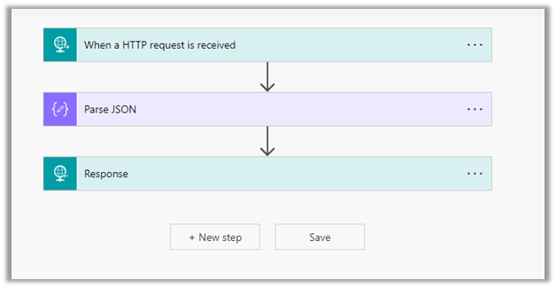 Back in Power Automate create a Flow with Request type Trigger, followed by Parse JSON and Response actions.
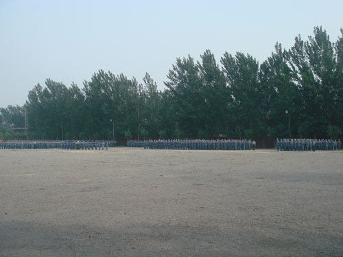 2009年6月27日早6时,yl6809永利集团全体08级员工在操场集合,大家沐浴在阳光下,等待乘车前往怀柔军训基地。
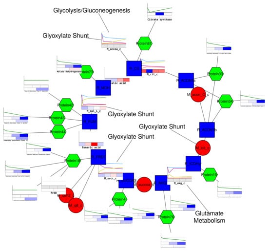 E. coli TCA (tricarboxylic acid cycle) with data mapped from multiple sources. Labeling data suggest usage of the glyoxylate shunt, as alphaketoglutarate is the only metabolite not accumulating labeling. Overall expression and protein levels are lower, but metabolite levels seem to increase upon treatment. Red circles represent metabolites, green hexagons represent proteins formed by the genes accoring to the GPR rules from the sbml. Blue squares represent reactions.
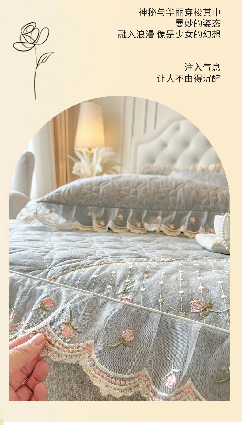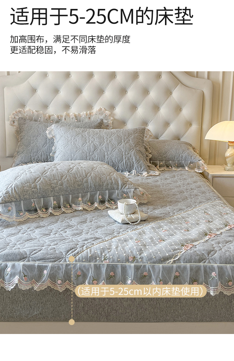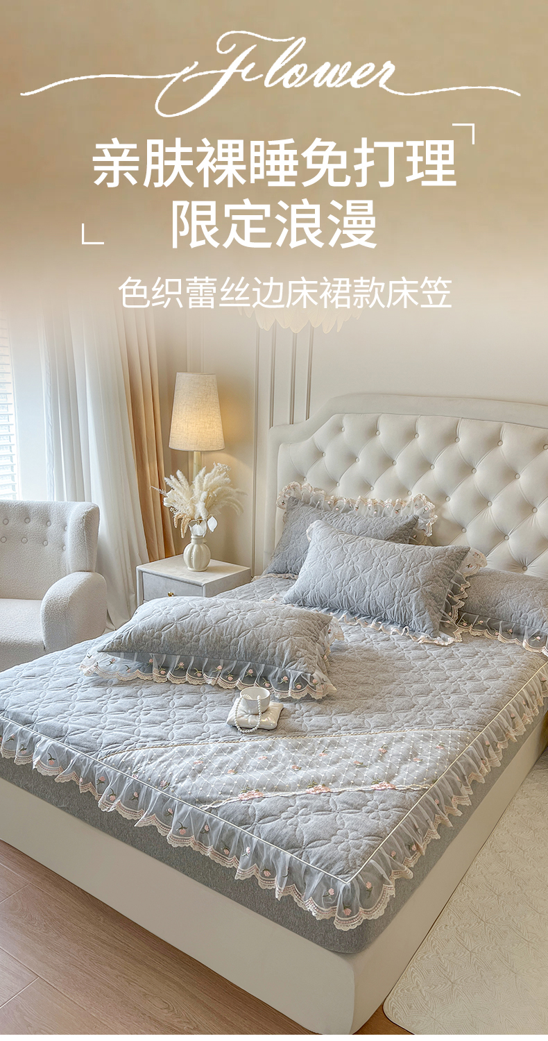 网红馆(ck家纺) 2026新款色织蕾丝边床裙款床笠 烟熏灰
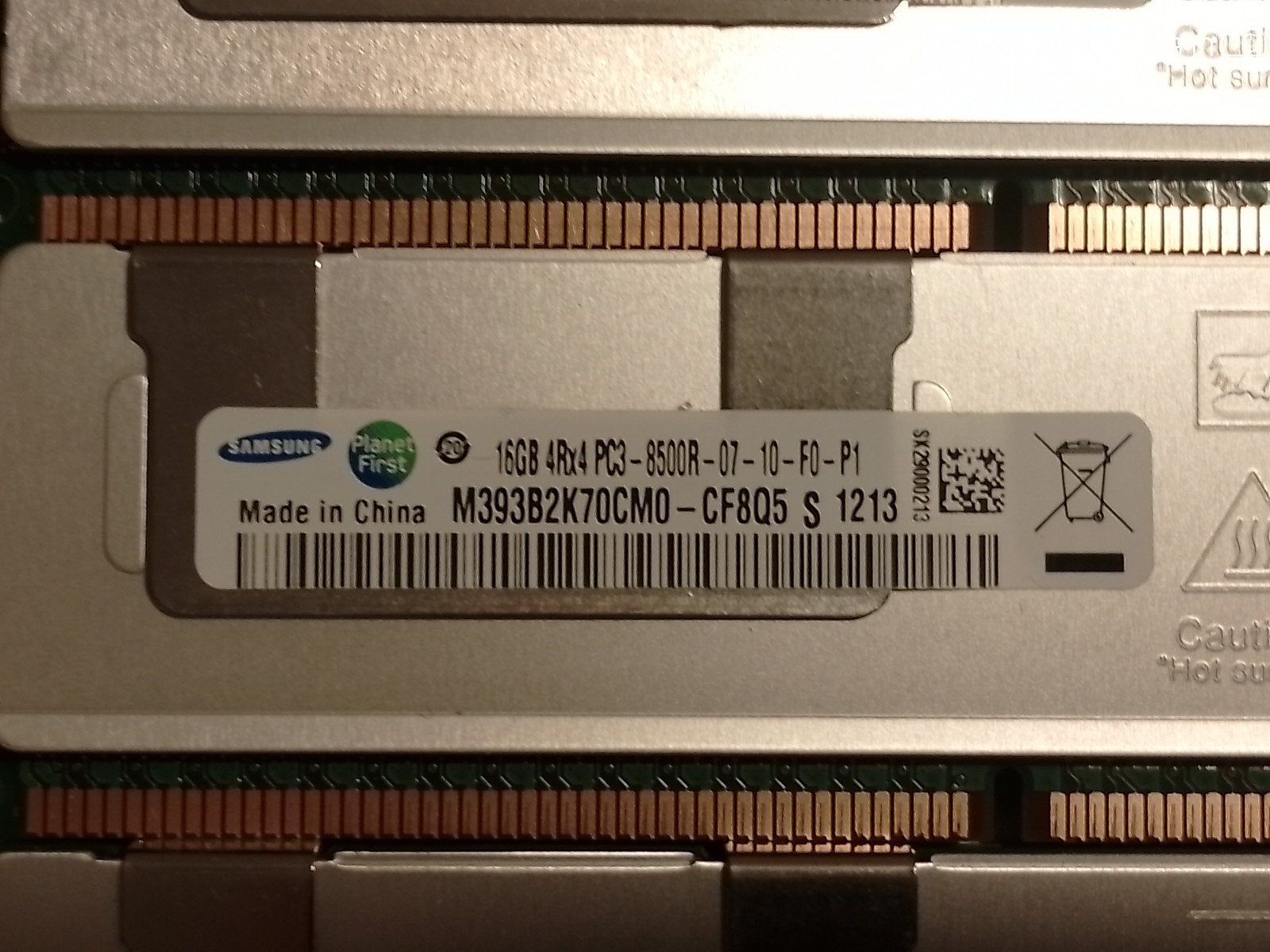 64 GB = 4x 16 GB DDR3 8500R PC3 1066 Mhz 4Rx4 ECC REG Registered Ram.
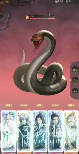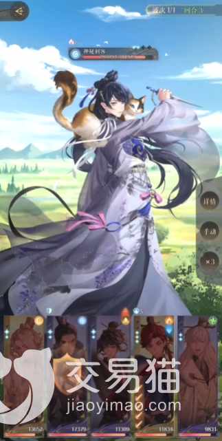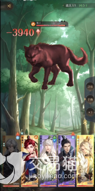 第一回合:王粲直接甩技能1,杨修则用技能2起手,狮子喵暂时不动,防御一回合,颜良则使用2技能起手,貂蝉不多说见面就打。
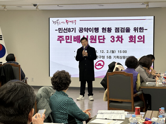 [시민일보 = 이대우 기자] 이필형 동대문구청장의 민선8기 공약이행현황을 공정하고 객관적으로 점검하기 위해 모인 ‘2024 동대문구 주민배심원단’이 ▲공약변경 2건 ▲공약폐기 4건을 포함, 20개 이상의 권고안을 동대문구에 제시하며 활동을 마무리했다.
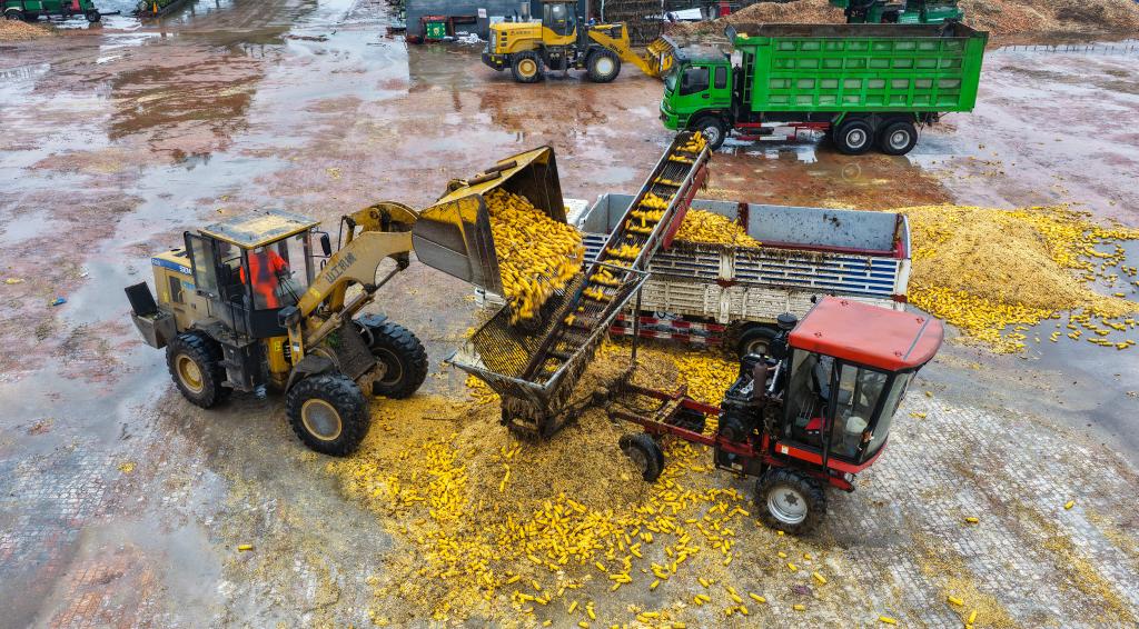 在山东省东营市广饶县一家粮食收储企业,工作人员在装运玉米进行脱粒(无人机照片)。(刘云杰 摄)

____

▶ PROBLEM TO WORK ON: All that belongs in the answer is the exact run of lines from the line containing "网红馆(ck家纺) 2026新款色织蕾丝边床裙款床笠 烟熏灰" to the end of the listing above, pictures removed.

▶ EXERCISE ANSWER:
 网红馆(ck家纺) 2026新款色织蕾丝边床裙款床笠 烟熏灰
 64 GB = 4x 16 GB DDR3 8500R PC3 1066 Mhz 4Rx4 ECC REG Registered Ram.
 第一回合:王粲直接甩技能1,杨修则用技能2起手,狮子喵暂时不动,防御一回合,颜良则使用2技能起手,貂蝉不多说见面就打。
 [시민일보 = 이대우 기자] 이필형 동대문구청장의 민선8기 공약이행현황을 공정하고 객관적으로 점검하기 위해 모인 ‘2024 동대문구 주민배심원단’이 ▲공약변경 2건 ▲공약폐기 4건을 포함, 20개 이상의 권고안을 동대문구에 제시하며 활동을 마무리했다.
 在山东省东营市广饶县一家粮食收储企业,工作人员在装运玉米进行脱粒(无人机照片)。(刘云杰 摄)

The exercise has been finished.